Village in Suffolk, England

Bruisyard is a village in the valley of the River Alde in the county of Suffolk, England. The village had a population of around 175 at the 2011 census.

Bruisyard's name appears in the Domesday Book of 1086 as Buresiart. The name is believed to be derived from the Anglo-Saxon term, gebūres geard, meaning "peasant's yard or enclosure" and is pronounced 'Br-ews-yard'.

==Abbey and Hall==

The Manor House of Rokes Hall was converted in 1364 into an nunnery of the Poor Clares, founded by Lionel, Duke of Clarence. Bruisyard Abbey was seized in 1539 by the crown at the Dissolution of the Monasteries under Henry VIII. An Elizabethan manor house, Bruisyard Hall, was built on the site, incorporating some of the older buildings.

==St Peter's church==
The village church is a Grade I listed building and dates to at least Saxon times.
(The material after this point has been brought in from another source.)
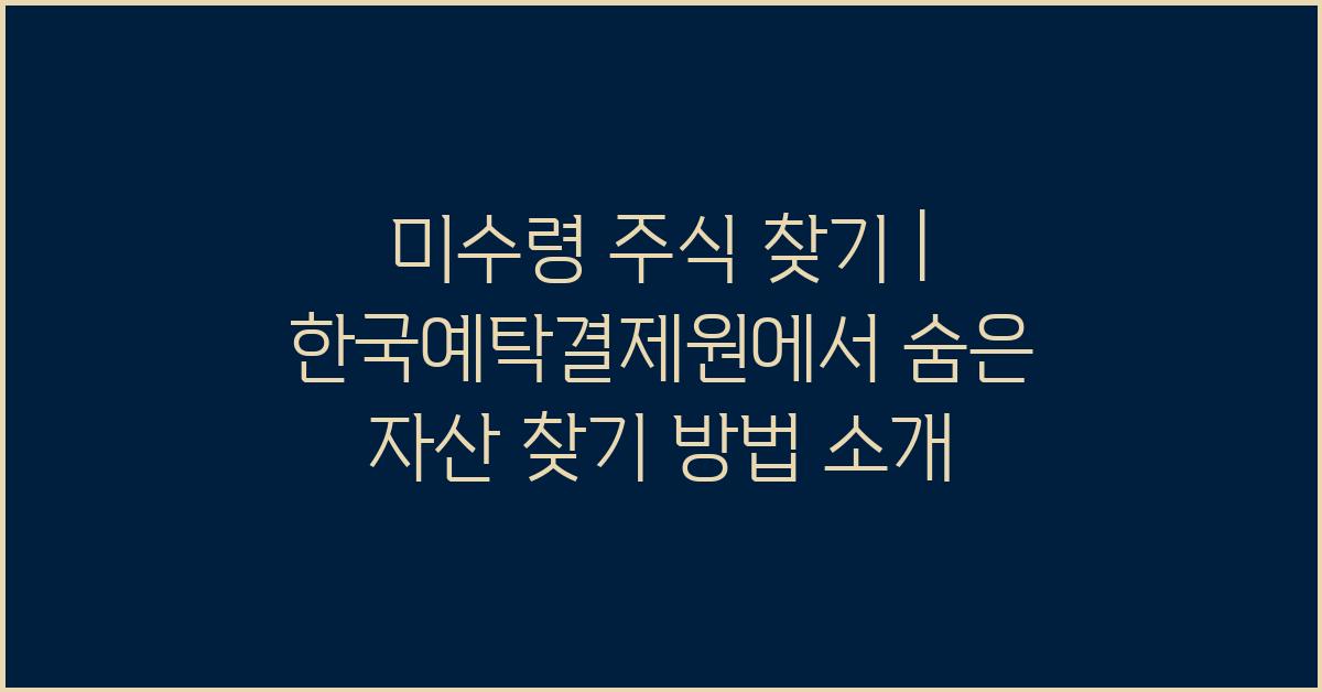 한국예탁결제원(KSD)은 주식, 채권, 투자신탁 등 다양한 금융상품의 예탁과 결제 업무를 담당하는 기관입니다. 주식 투자자 여러분에게 매우 중요한 역할을 하며, 자산 관리 및 주식 기록을 투명하게 유지하는 데 기여하죠. 이러한 예탁결제원은 미수령 주식 찾기 | 한국예탁결제원 확인 방법을 통해 여러분이 쉽게 잊고 지낸 자산을 되찾을 수 있도록 도와줍니다.
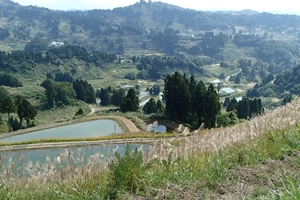 2004年の中越地震の傷跡が残る棚田 山古志村

The church is an example of a round-tower church, rare in England as a whole, but most common in East Anglia. Pevsner dates the windows in the nave and south chapel to the early 16th century. During renovation work undertaken in 2017, medieval wall paintings were uncovered and have now been preserved.

==Village Hall==
The construction of a new village hall on the Parish Park was completed in December 2009 with support from many funding bodies, including the Big Lottery Fund. The village hall was formally opened in July 2010. The hall has a stained glass window by the artist Sharon McMullin depicting the local flora and fauna, and nine low-relief plaster panels by the sculptor Anne Smith showing past and present local scenes. The central panel shows the Domesday Book entry for Bruisyard (Buresiart).

The village sign commissioned by the Parish Council in 2004 and made by the sculptor Anne Smith depicts Saint Clare of the Order of the Poor Clares.

A vineyard in Bruisyard closed in 2002.